Tate’s thesis, Fourier Analysis in Number Fields and Hecke’s Zeta-Functions (Princeton, 1950) first appeared in print as Chapter XV of the conference proceedings Algebraic Number Theory, edited by Cassels and Frölich (Thompson Book Company, Washington, DC, 1967). In it, Tate provides an elegant and unified treatment of the analytic continuation and functional equation of the L-functions attached by Hecke to his Größencharaktere in his pair of papers [7]. The power of the methods of abelian harmonic analysis in the setting of Chevalley’s adèles/idèles provided a remarkable advance over the classical techniques used by Hecke.1 A sketch of the analogous interpretation of classical automorphic forms in terms of nonabelian harmonic analysis—automorphic representations—is given in the next chapter.
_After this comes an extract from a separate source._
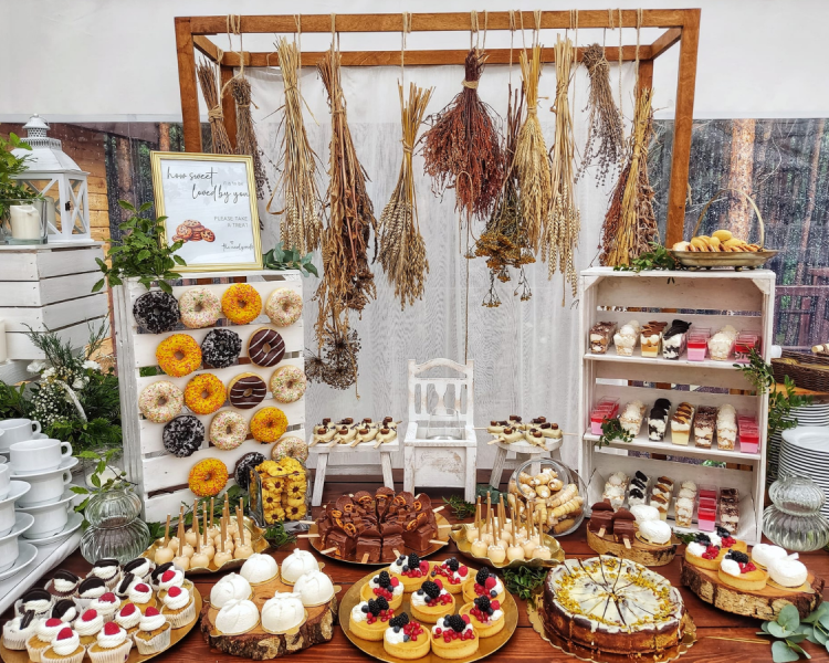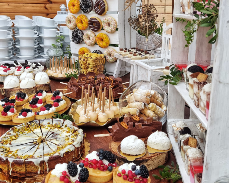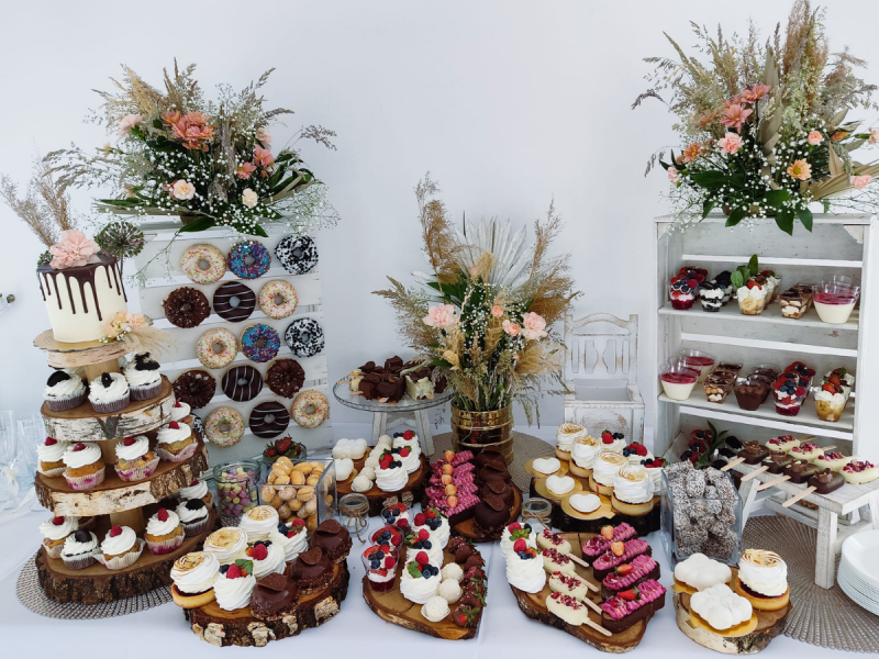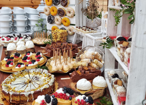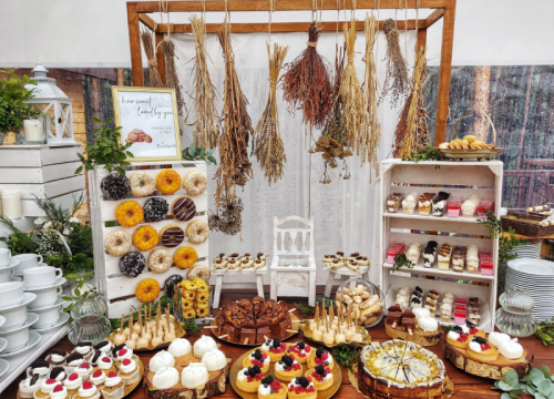 Wykonujemy:torty artystyczne, stoły słodkie (candy bar), ciasta, dekoracje, stoły wiejskie, stoły szwedzkie, wyroby garmażeryjne i wiele innych specjalnych zamówień

The development of the theory of automorphic representations for arbitrary reductive groups G is one of the major achievements of mathematics of the later part of the twentieth century. And, of course, this development is still under way, as is evident from the later chapters [6]. In hindsight, Tate’s work may be viewed as giving the theory of automorphic representations and L-functions of the simplest connected reductive group G = GL(1), and so it remains a fundamental reference and starting point for anyone interested in the modern theory of automorphic representations.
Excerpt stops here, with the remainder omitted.